しかし、単に「これからはリンクで共有してください」と通知するだけでは現場は混乱します。権限設定を誤れば情報漏洩を招き、ルールがなければクラウドストレージはゴミ溜めと化してしまいます。本記事では、実務者が直面する課題を網羅し、OneDriveおよびSharePointを用いたファイル共有の最適解を解説します。

1. メール添付はなぜ「禁止」されるのか?脱PPAPと業務効率の限界

長年親しまれてきたメール添付をなぜ止めるべきなのか。そこには明確な3つの理由があります。

1.1 セキュリティリスク:誤送信後の取り消しが不可能

メールにファイルを添付して送信した瞬間、そのファイルの制御権は送信者の手から離れます。もし宛先を間違えた場合、送信したファイルを削除することはできません。一方で、OneDriveやSharePointのリンク共有であれば、間違いに気づいた瞬間に共有設定をオフにするだけで、相手はファイルにアクセスできなくなります。

1.2 構造的課題:バージョン管理の崩壊

「企画書_20240401.pptx」「企画書_20240401_修正版.pptx」「企画書_20240401_最新_上長確認済.pptx」。メール添付を繰り返すと、このようにファイル名でバージョンを管理する地獄が生まれます。クラウド上の1つのファイルを共同編集する運用に変えることで、常に最新版が1つだけ存在する状態を維持できます。

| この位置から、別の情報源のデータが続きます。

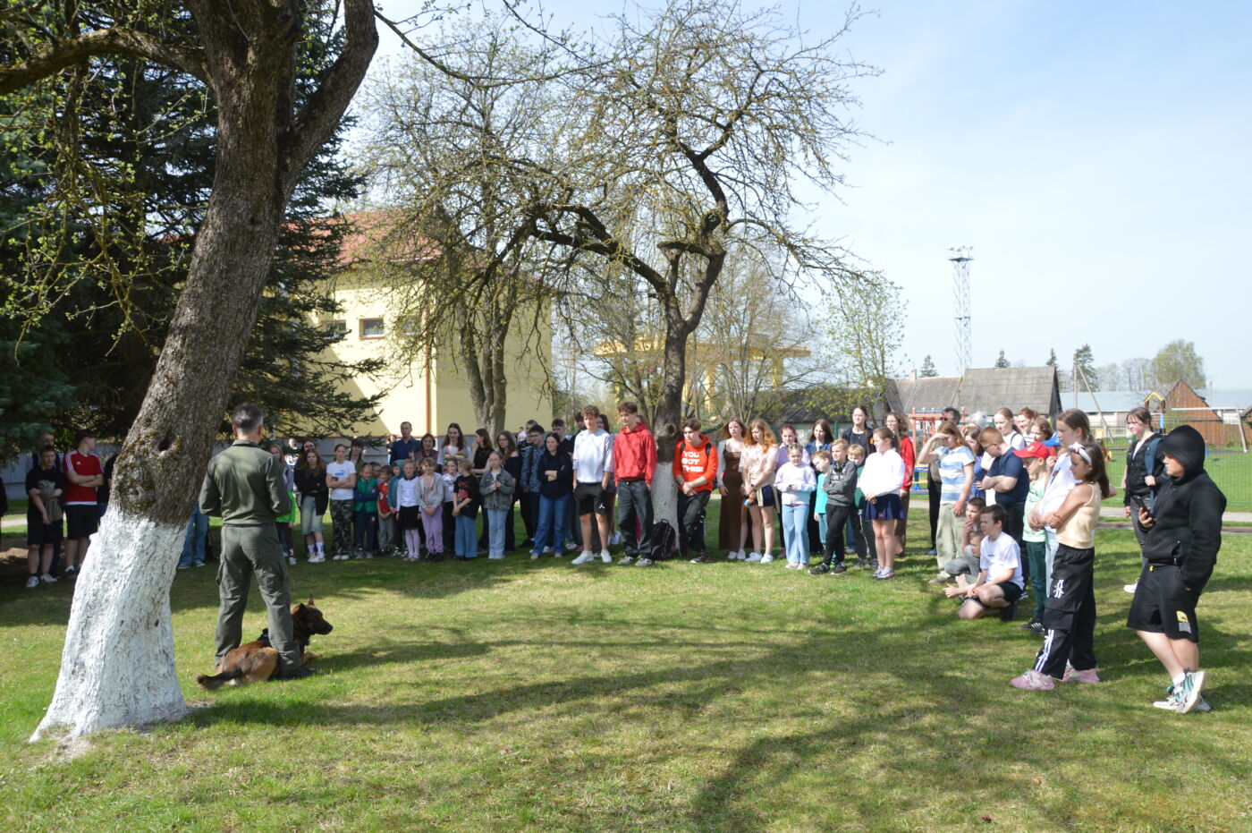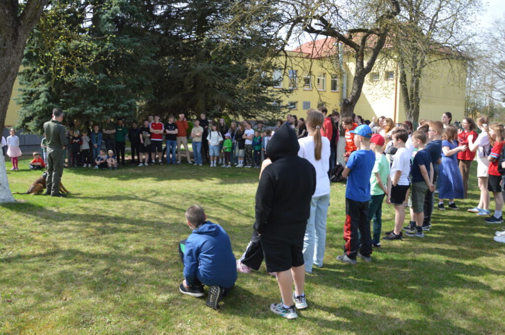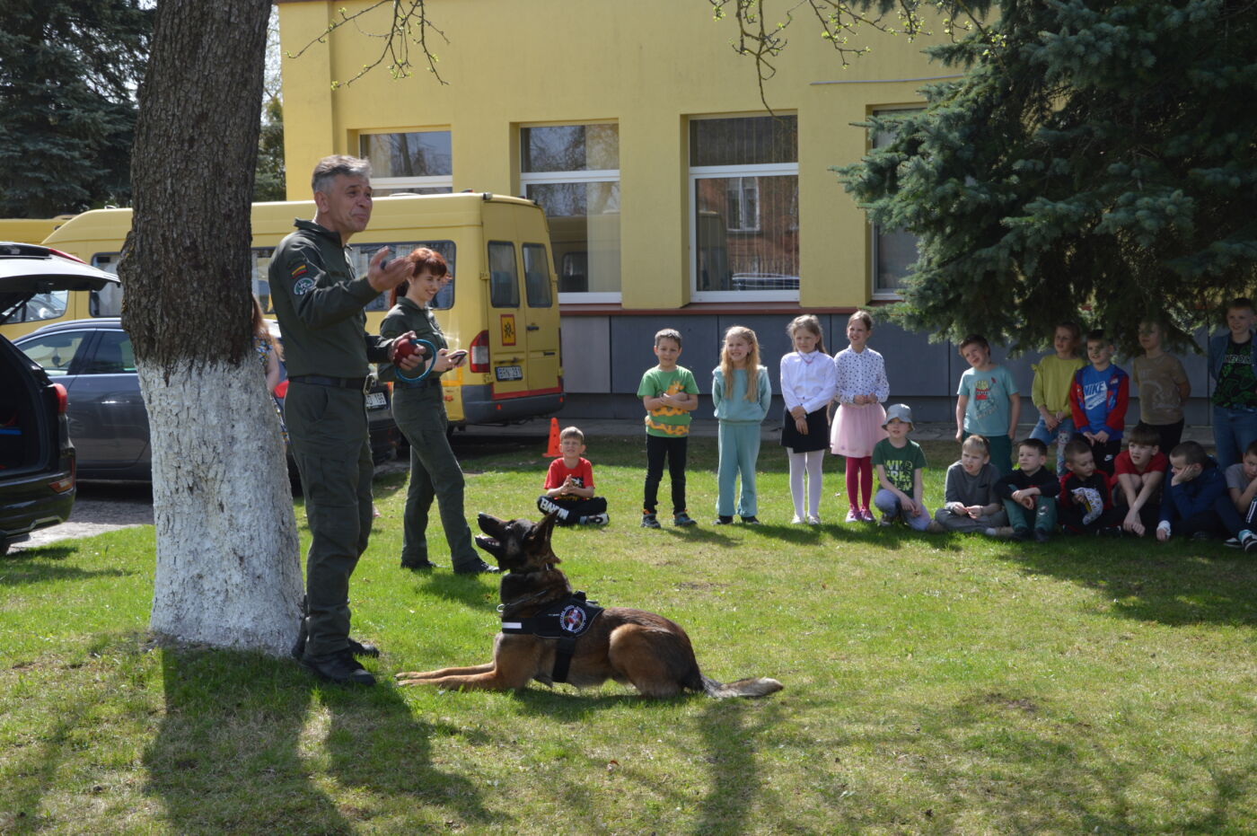 O paskui visi skubėjo į lauką, kur laukė kinologas su tarnybiniu šunimi. O jau čia moksleiviams buvo itin smalsu: klausinėjo, pasakojo, dalijosi savo žiniomis apie šunis, klausė kinologo patarimų, stebėjo, ką moka tarnybinis šuo, kuris supranta vokiškai (pasirodo, jam komandos duodamos vokiečių kalba, mat taip jis buvo dresuojamas).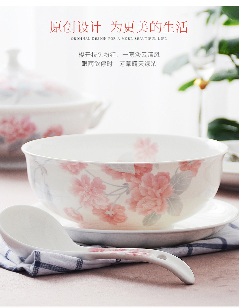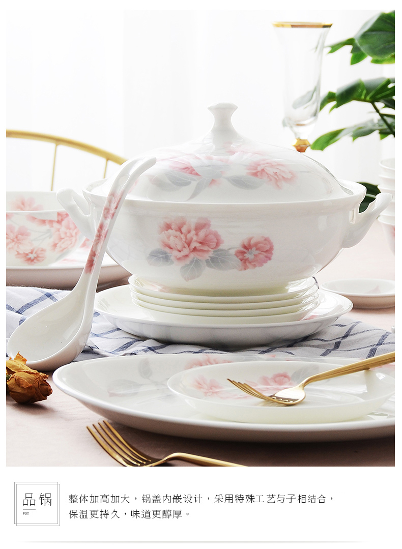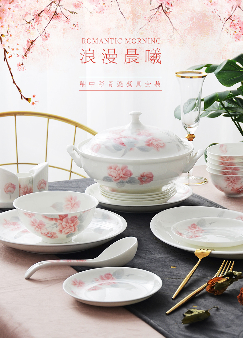 华光陶瓷 骨瓷餐具套装 碗碟套装 家用 中式釉中彩 浪漫晨曦

1.3 容量問題:メールサーバーの逼迫とストレージの無駄

10MBのファイルを10人に一斉送信すれば、それだけで100MBのストレージを消費します。これが毎日繰り返されることで、メールサーバーやPCのストレージは無駄な重複データで埋め尽くされます。リンク共有は、実体は1つ、参照は無限という効率的なデータ保持を実現します。

2. OneDriveとSharePointの使い分け:実務上の判断基準

Microsoft 365を利用している企業の多くが、OneDriveとSharePointのどちらにファイルを置くべきか迷います。この2つのサービスは、保存場所の「所有権」が異なります。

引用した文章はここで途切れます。